JPH0628472A - Method and device for recognizing image - Google Patents

Abstract

PURPOSE:To improve the recognition rate even in the case where a pattern is deformed or missing by generating a network from a relative position relation of a rule of the pattern, and deciding from a structure of this network. CONSTITUTION:From an image signal having patterns arrayed by a prescribed rule, outlines of the patterns are extracted, respectively, a centroid position of a range surrounded by the outline is detected, the centroid position becomes a node, a segment for connecting an arbitrary centroid position and the centroid position being adjacent thereto become an arc, and from a prescribed network setting start point, a network is enlarged successively based on a relative position relation condition determined in advance based on the rule, and based on this network, an array of an image is recognized.

Description

Detailed Description of the Invention

[0001]

BACKGROUND OF THE INVENTION 1. Field of the Invention The present invention relates to an image for recognizing an array having a known regularity and a certain regularity such as the recognition of the stitch arrangement of the knitted fabric, the defect detection of the knitted fabric, the detection of the crystal structure and the like. The present invention relates to a recognition method and an image recognition device thereof.

[0002]

2. Description of the Related Art As a method for recognizing a pattern arrangement,
The position of the center of gravity of the pattern is detected from each of the image signals, the position of the center of gravity is used as a node, and the line segment connecting an arbitrary position of the center of gravity and an adjacent position of the center of gravity is used as an arc to set a network of nodes and arcs. There is known a method of recognizing a stitch array image by utilizing the relaxation method (Japanese Patent Laid-Open No. 2-310781).

[0003]

In the above method, since the image is recognized based on the set network, it is impossible to recover the error recognition at the stage when the object is binarized and extracted or the adjacent relation is extracted. There was a problem. For example, when the position of the center of gravity is erased due to the overlapping of the knitted fabric or the fray of the yarn, or the portion which should originally be one position of the center of gravity is divided into two, there is a problem that the recognition rate is lowered.
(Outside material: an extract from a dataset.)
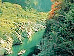 大歩危には、大歩危遊歩道があり、その途中に渓谷を望める展望台がある。結晶片岩が水蝕されてできた溪谷は、大理石の彫刻がそそりたっているかのよう。岩ツツジや紅葉のシーズンは特に美しい。舟下りや、ラフティングもできる。小歩危は、大歩危に比べると規模が小さく優しい眺めだが、岩肌の美しさは大歩危に劣らない。河原と奇岩をぬって遊歩道があり、風景は変化に富んでいる。 |

Further, although the stitches of the knitted fabric knitted with the plain cloth are regularly arranged, it is difficult to accurately recognize the arrangement of the stitches because the knitted fabric itself is easily deformed.

Therefore, an object of the present invention is to provide a more reliable recognition method and its apparatus.

[0005]

In order to solve the above-mentioned problems, the first aspect of the present invention is to extract the contours of the pattern from an image signal having a plurality of patterns arranged according to a certain rule. Detect the respective barycentric positions in the area enclosed by the contour, use each barycentric position as a node, and use the line segment that connects any barycentric position and its adjacent barycentric position as an arc. Based on a predetermined relative positional relationship condition, the network is sequentially expanded, and the arrangement of images is recognized based on the network.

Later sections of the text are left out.